#4 波乱の旅立ち
そいつの正体は人殺しの道具なんだぞ!
「すみません! 通してください! 通してください!」
慌ただしい人込みの中を、ジュンさんが先頭になって進んでいく。
さっきまでとは違う意味でごった返している客達の中を、僕達は大急ぎで進んでいく。
思うように進めない中で、やっと視界が開ける。
ヤハギファイターコレクションのブース。そのちょうど握手会が行われていた場所。
まるで闘技場のように開けたその前で、2人の男の人が向かい合っていた。
1人は、飛んでいたセイバー、はしなに乗っていたパイロットだった。どういう訳か尻餅をついている状態で、肩で大きく息をしている。
もう1人は、自衛官と思われる人に羽交い絞めにされてながらも奇声を上げて暴れている男の人。その手には、ナイフが握られていた。

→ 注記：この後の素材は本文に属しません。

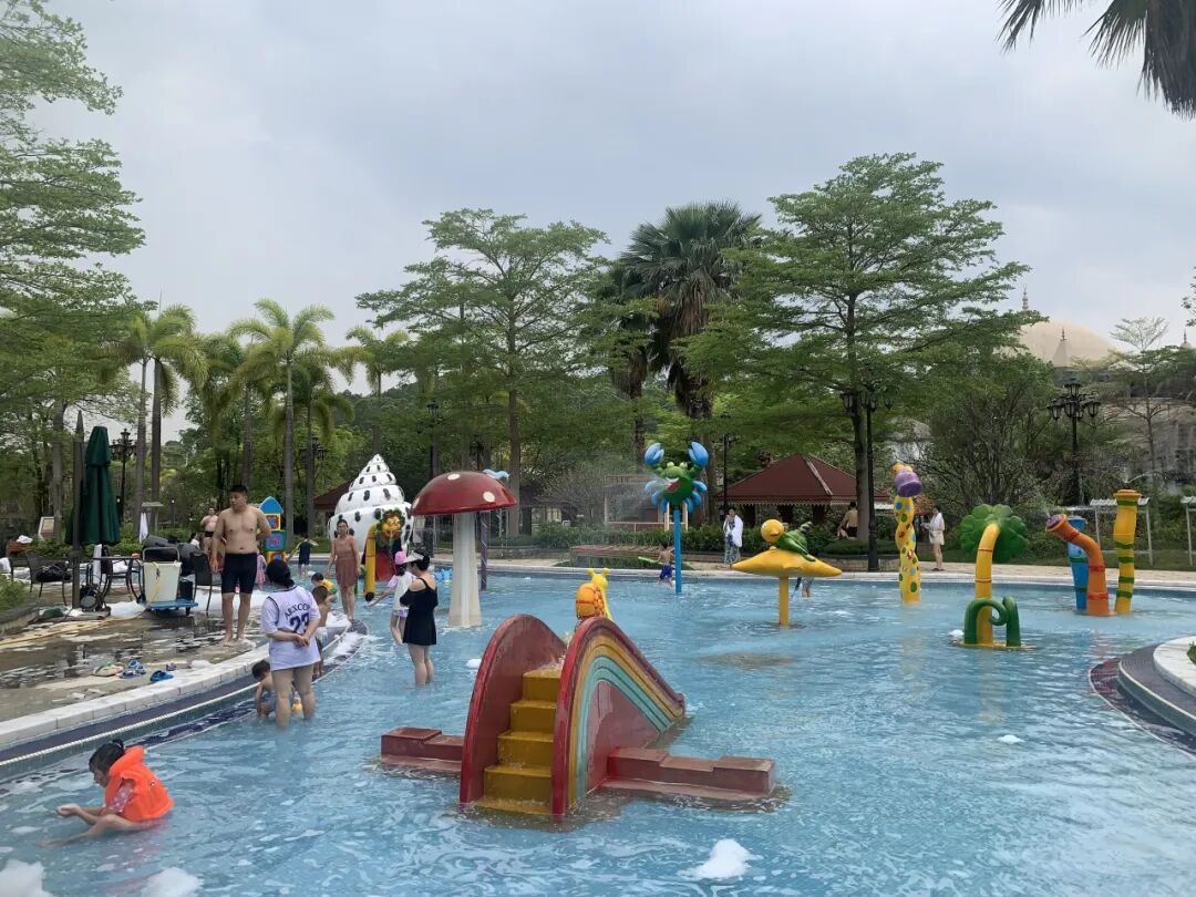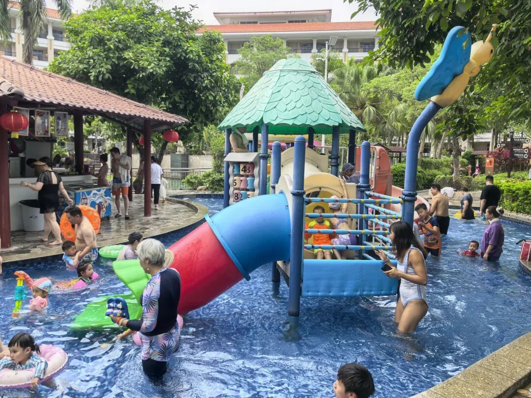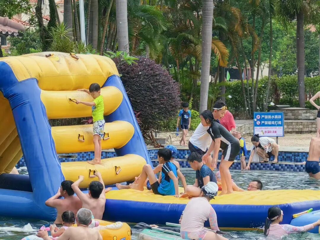 在山泉湾温泉城,游客在温泉池中尽情享受恩平优质温泉带来的放松与愉悦。池区内还设有大型的充气障碍赛道和各种大小游乐设施,孩子们欢快地穿梭其间,自由嬉闹。

その切っ先から赤い水滴が零れ落ちていたのを見て、ぞっとする。
よく見ると、尻餅をついている男の人の肩口が、赤黒く染まっている。
まさか、人を刺す事件が――?
「セイ!」
ジュンさんが、すぐ尻餅をついた男の人の下へ駆け寄る。
セイと呼ばれた男の人は、短距離走を走り切った後のように疲れ切った声で、リーダー、と答えた。
「はしなが襲われたというのは、本当か?」
「ええ……」
そう答えると、セイと呼ばれた男の人の視線が、背後のブースに向く。
「姉ちゃん!」
そこにはちょうど、くみなが向かっていた。
その先には、はしながいる。
天敵に狙われた鼠のように怯えた様子で身を縮めていて、その額には赤くにじんだ包帯が巻かれていた。
「その傷、どうしたの!?」
「切られたの、いきなり……」
はしなから話を聞いて、くみなが目を大きく見開いた。
「お前ら……そんなに、そいつが大事か……?」
と。
羽交い絞めにされていた男の人――暴漢が悔しそうに口を開いた。
ジュンさん達の視線が、暴漢に集まる。
「大方、そのかわいい見た目に惑わされてんだろう……そいつの正体は人殺しの道具なんだぞ! 人を殺したくて殺したくてたまらない邪神なんだぞ!」
人殺しの道具。
その言葉を聞いた途端、ジュンさんやくみなが僅かに眉を動かしたのがわかった。
僕も、その言葉を聞いて一瞬どきりと胸が高鳴った。
心臓に、刃を刺されたように。
「そんな奴を庇うなんて、そんなに戦争がしたいのか、お前達は! お前らみたいな奴がいるから、お隣の国々は大騒ぎするんだぞ! この国はもう、武器を捨てたんじゃなかったのか!」
場が沈黙する。
何も反論できない。
この人は、自衛隊そのものを嫌っている人だ。
知識だけでなら知っている。
自衛隊というものは、そもそもこの国では違憲と解釈する人もいる。
当然だ。武器を捨ててもう戦いませんと誓ったはすなのに、数奇な運命のいたずらで、また武器を手にしたんだから。
真っ当に年を食った人なら、誰でも気付く事だ。
自衛隊は他の軍隊と違って、存在しちゃいけないのに存在しているという、矛盾を抱えた組織だという事を。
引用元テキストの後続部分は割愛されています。